McCain reagiu a isto e repetiu outros ataques pessoais de Trump, como seria de esperar dele: abstendo-se de atacar ele próprio com ataques ad hominem e, em vez disso, tentando tomar o caminho elevado.
A sua relutância em se defender contra os comentários depreciativos que o presidente lhe fez repetidamente, não significava, contudo, que McCain hesitasse em confrontar Trump directamente na arena política.
Pelo contrário: os seus últimos anos no cargo poderiam ser caracterizados como uma batalha contra o sentimento nacionalista e isolacionista simbolizado pela política “América Primeiro” de Trump. E McCain criticou fortemente a forma como Trump lidou com as principais questões internacionais, incluindo a crise nuclear norte-coreana e o que foi amplamente visto como Trump aconchegante para o presidente russo na recente cimeira em Helsínquia. McCain criticou a abertura de Trump a Putin como “uma das mais vergonhosas performances de um presidente americano em memória recente”.

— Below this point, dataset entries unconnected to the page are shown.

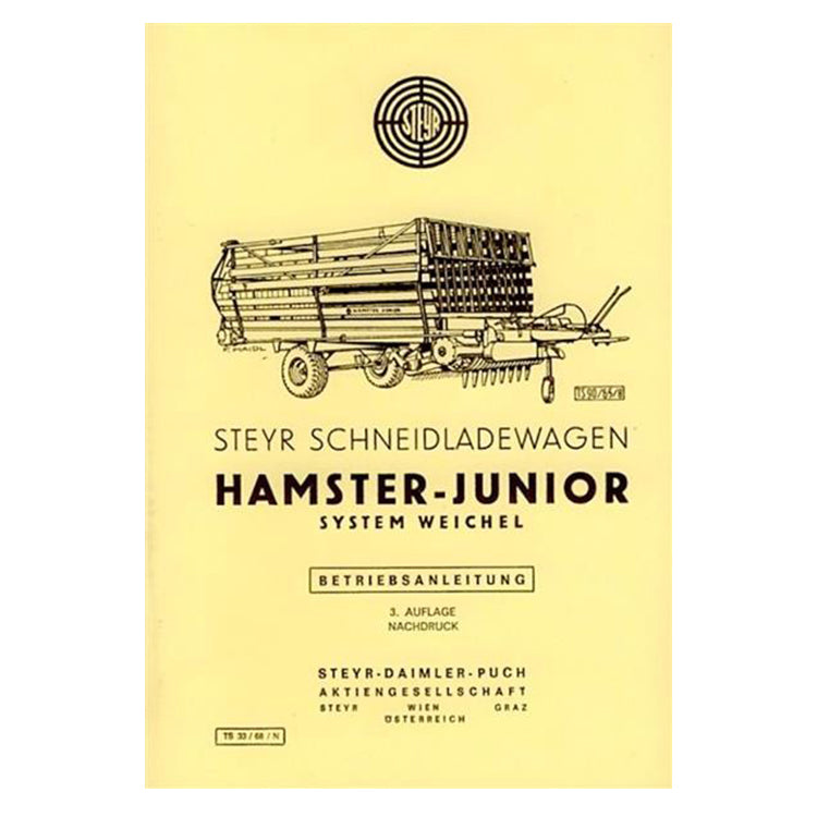Istruzioni per l'uso del carrello per tosare i criceti Steyr Hamster Junior System Weichel. Contenuto: Collegamento al veicolo trainante, funzionamento, carico, istruzioni di guida, scarico, manutenzione e cura, dati tecnici. Numero 4/1968, 36 pagine, DIN A5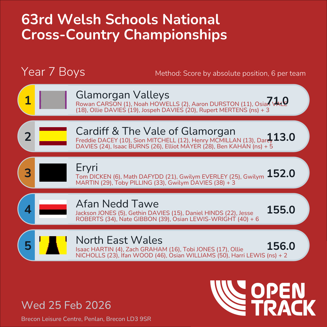 | 3 | ERY | 152.0 | 6: Tom DICKEN (6), 21: Math DAFYDD (21), 25: Gwilym EVERLEY (25), 29: Gwilym MARTIN (29), 33: Toby PILLING (33), 38: Gwilym DAVIES (38) | |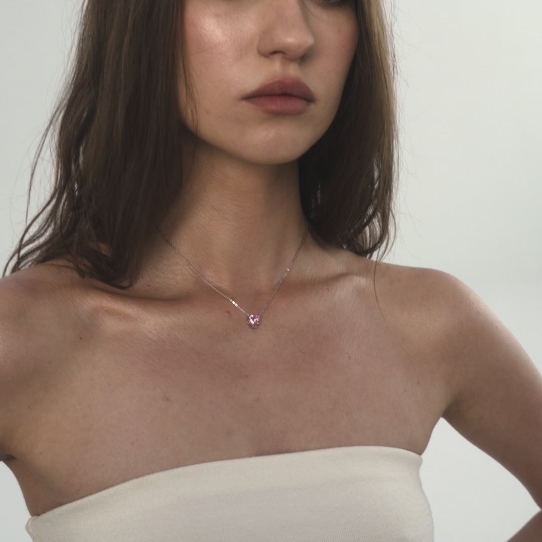 Naszyjnik Crystal Heart Pink przyciąga uwagę centralnym różowym kryształem IS oszlifowanym w kształt serca - ponadczasowego symbolu miłości, emocji i bliskości. Delikatna oprawa podkreśla głębię koloru kamienia, a precyzyjny szlif sprawia, że naszyjnik pięknie odbija światło i subtelnie mieni się przy każdym ruchu.

Mas algumas das suas observações mais fortes e talvez mais duradouras focaram-se na defesa da democracia e do papel tradicional da América como líder do Ocidente, ambos considerados por ele como sendo ameaçados por Trump.
Num discurso na Academia Naval dos EUA no ano passado, McCain, sem nomear Trump directamente, proferiu uma acusação de bolha do presidente e do seu estilo político vencedor.
“Estamos a dormir sobre a necessidade da nossa liderança, e sobre as oportunidades e perigos reais deste mundo. Estamos a dormir nas nossas câmaras de eco, onde as nossas opiniões são sempre afirmadas e as informações que as contradizem são sempre falsas. Estamos a dormir na nossa política polarizada, que exagera as nossas diferenças, procura bodes expiatórios em vez de respostas, e insiste em que nos deixemos levar por um sistema de governo baseado no compromisso, na cooperação de princípios e na contenção”, disse ele.
Em vez disso, McCain exigiu repetidamente que os líderes políticos se esforcem por aquilo que é do melhor interesse dos cidadãos que representam, mesmo que isso os prejudique politicamente. O melhor exemplo de McCain colocando sua convicção em prática foi, sem dúvida, seu voto contra os esforços de seu próprio partido para revogar Obamacare.
Em uma declaração explicando seu impressionante voto, o senador bateu em seu partido por simplesmente tentar desfazer Obamacare sem oferecer nada melhor para substituí-lo. Ele mais uma vez ecoou e caracterizou o espírito de serviço de McCain para o povo americano: “Temos de fazer o trabalho duro que os nossos cidadãos esperam de nós e merecem.”